Non è facile scegliere se tra queste c’è qualcosa che ci rappresenti in modo essenziale. Forse in misura diversa tutte insieme collaborano a renderci quella creatura che spesso frettolosamente etichettiamo e riconosciamo grazie a un nome e un cognome.

A volte finiamo per conoscerci meglio se abbiamo la possibilità di riconoscerci negli altri. Individuando qualcosa che ci risuona in coloro che appaiono simili a noi per questa o quella caratteristica.

Ci rispecchiamo in “qualcuno”, e ci rivediamo attraverso di lui.

Ma se invece cominciassimo a trovare ulteriori e sempre più frequenti similitudini con “qualcosa”?

L’avanzamento delle tecnologie robotiche prosegue senza sosta, e i suoi prodotti si rinnovano, si aggiornano e progrediscono.
Gli automi rinascimentali suggestionavano le corti mimando l’apparenza umana. Cavalieri meccanici che riproducevano i movimenti dell’uomo. Meraviglia in chi li osservava e stava al gioco dell’artificio teatrale. Ma poco più di una marionetta per chi riusciva a guardare al di là dell’armatura e scorgeva nell’ingegno del meccanismo un guscio vuoto d’anima.

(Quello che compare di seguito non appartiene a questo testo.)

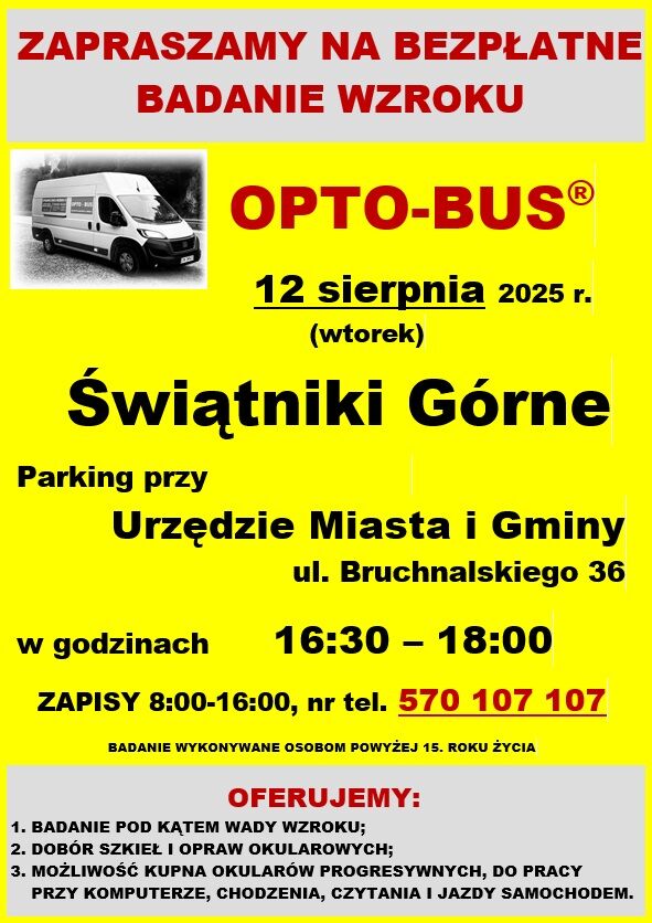 Plakat z zaproszeniem na bezpłatne badanie wzroku OPTO-BUS

Da allora robot e androidi si sono evoluti in molte forme, emulando caratteristiche umane, spesso migliorandole. Si pensi a tutti i compiti che richiedono un movimento ripetitivo e programmabile: più forti, più precisi, più rapidi.
Una somiglianza superficiale, che ci fa comodo e ancora non disturba. Anzi. Avere un doppio che ci sostituisce è intrigante. Il termine robot deriva proprio dal termine ceco robota, che significa lavoro pesante o lavoro forzato.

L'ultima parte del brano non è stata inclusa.